• Yields: 2 Cups
  • Preparation Time: NA
  • Cooking Time: 4-5 minutes

Health Benefits:

The fresh Coconut in the Chutney has mostly medium chain triglycerides/fats which is good for weight loss per some researchers. It is high in fiber and lauric acid and also acts to lower microorganisms.

Ingredients:

  • Coconut, grated-1 cup or big pieces (Many international grocery stores carry frozen grated coconut)
  • Dalia/Peanuts (ground nuts)-¼ cup

Spices:

  • Ginger-½ inch or ½ teaspoon
  • Green chilies, crushed/chopped-1/4-1 teaspoon (depending on the spicy hot taste desired)
  • Cilantro/Coriander-5 to 6 branches (optional- for those who like the chutney color to be light green) which also adds to the nutritional value
  • Neem leaves-5 to 6
  • Mustard seed-½ teaspoon
  • Cumin seed-½ teaspoon
  • Urad dal-½ teaspoon

Liquids:

  • Ghee (1 teaspoon)/Avocado oil 2 teaspoons
  • Water ½-1 cup based on the freshness of the coconut

Cooking Instructions:

  • Take freshly grated coconut in a chutney jar of a grinder.
  • Add dalia/peanuts, chilies (chopped), ginger, coriander leaves.
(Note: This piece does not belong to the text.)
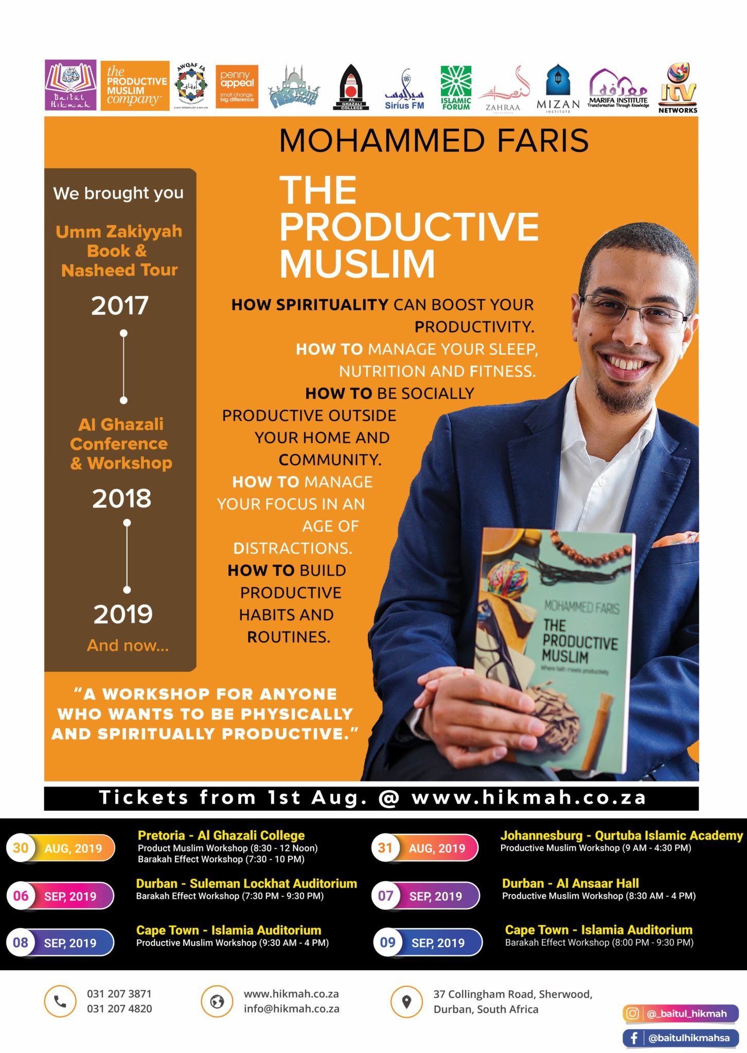 Register for the event here: https://hikmah.co.za/productive-muslim-workshop-book-tour-by-mohammed-faris/

Grind it finely.
  • Add enough water to be able to grind the mixture to a fine thick paste. Remove it to a bowl.
  • Add salt to taste.
  • For tempering, take oil/ghee in a small pan. Add mustard seeds. Let them crackle, then add cumin seeds and urad dal and then add curry leaves.
  • Stir it on a low flame until the urad dal gets golden brown.
  • Remove it from the stove and immediately pour the entire tempering on the ground coconut chutney in the bowl.
  • Mix them well.

Serve it with hot Dosa, Idli, Uttapam or other South Indian foods.

Add 1 tablespoon of chopped cilantro and daliya daal in a grinder. Grind to fine paste and add it to the salty chutney.